Yehuda Bacon (Hebrew: יהודה בקון; born July 28, 1929 in Ostrava) is an Israeli artist who survived the Holocaust.
Yehuda Bacon was born into a Hasidic (Orthodox Jewish) family. In the fall of 1942, at the age of 13, Bacon was deported with his family from Ostrava to the Ghetto Theresienstadt, where he shared a room with George Brady. In Theresienstadt he played in the children's opera Brundibár. In December 1943, he was deported to the concentration and extermination camp Auschwitz-Birkenau, where he and other imprisoned children were used to bedazzle the International Committee of the Red Cross in the so-called "family camp". In fact, the "Birkenau Boys" were used for transport work in the entire complex of Auschwitz II-Birkenau.
In June 1944, Bacon saw his father murdered in the gas chambers. At this time, his mother and his sister Hanna were deported to the Stutthof concentration camp, where they died a few weeks before its liberation. On January 18, 1945 Bacon was sent on the camp's death march, which lasted three days and led him through the Mauthausen-Gusen concentration camp to its subcamp Gunskirchen.
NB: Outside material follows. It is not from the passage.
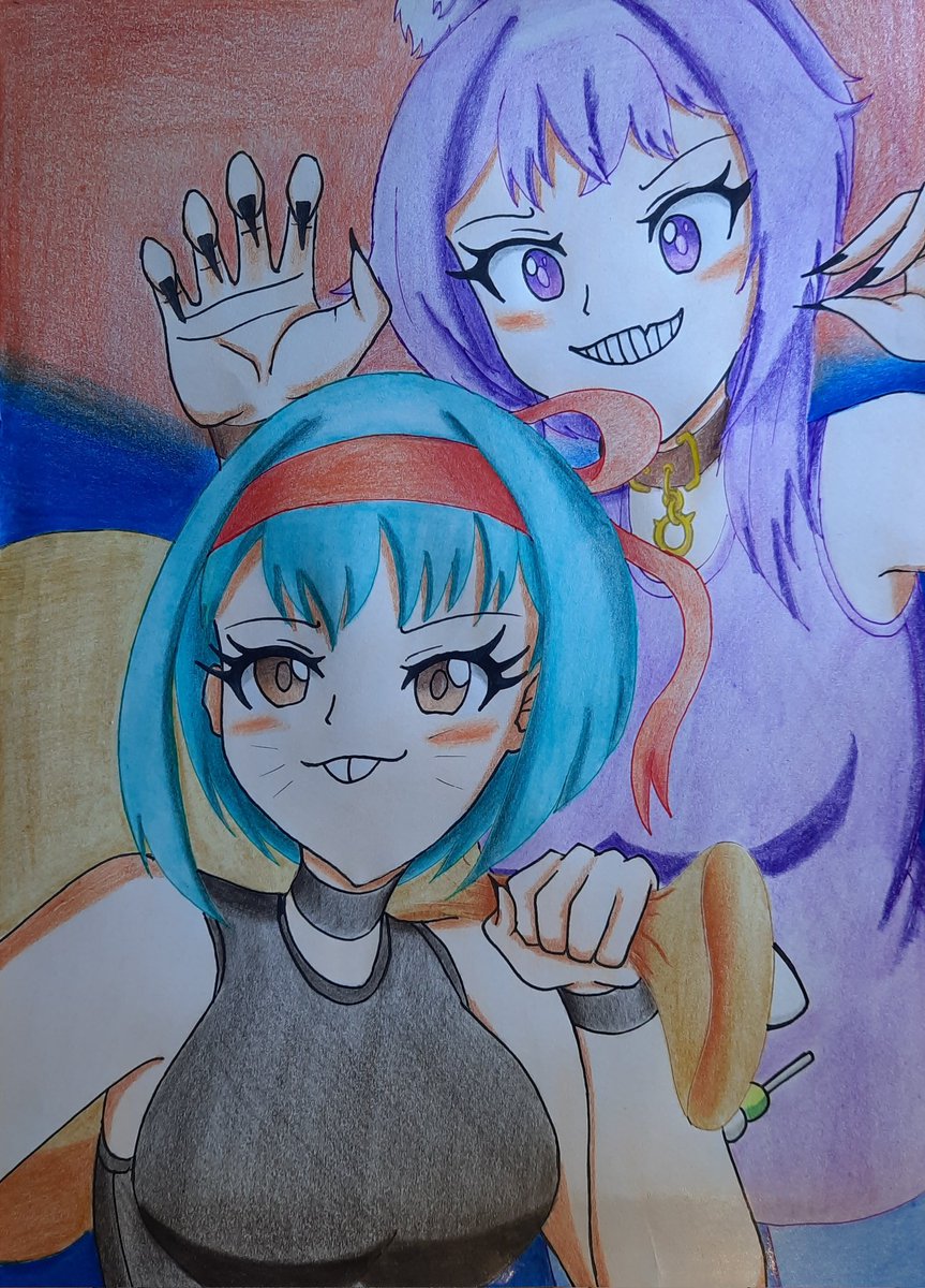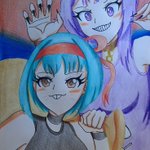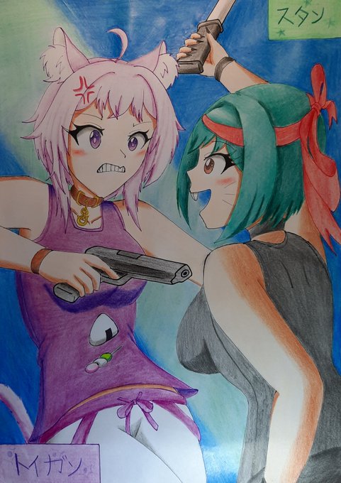 デジタル落書き。 キャル=サンを捕まえたことを報告するディオン=サンと背後から襲おうとするキャル=サン。 どこかで見たことある?きっと気のせい! 影とか背景とか途中でめんどくさくなったので落書きな! #MetalSlug #メタルスラッグ #metalslugattack #メタルスラッグアタック #MSA #メタスラ

In March, Bacon was sent on another death march to a subcamp of Mauthausen, Gunskirchen, in the woods. As he reports, there was no food, water or clothing. On May 5, 1945 Bacon was liberated by the US Army. Before the SS guards left the camp, they poisoned the rest of the food. Many inmates had died from the effects of high food supply, which their bodies could not absorb anymore. Bacon and his friend Wolfie Adler (who later became an Israeli rabbi and published a book about his experiences) left the camp. US soldiers brought them to a hospital in the Austrian town Steyr.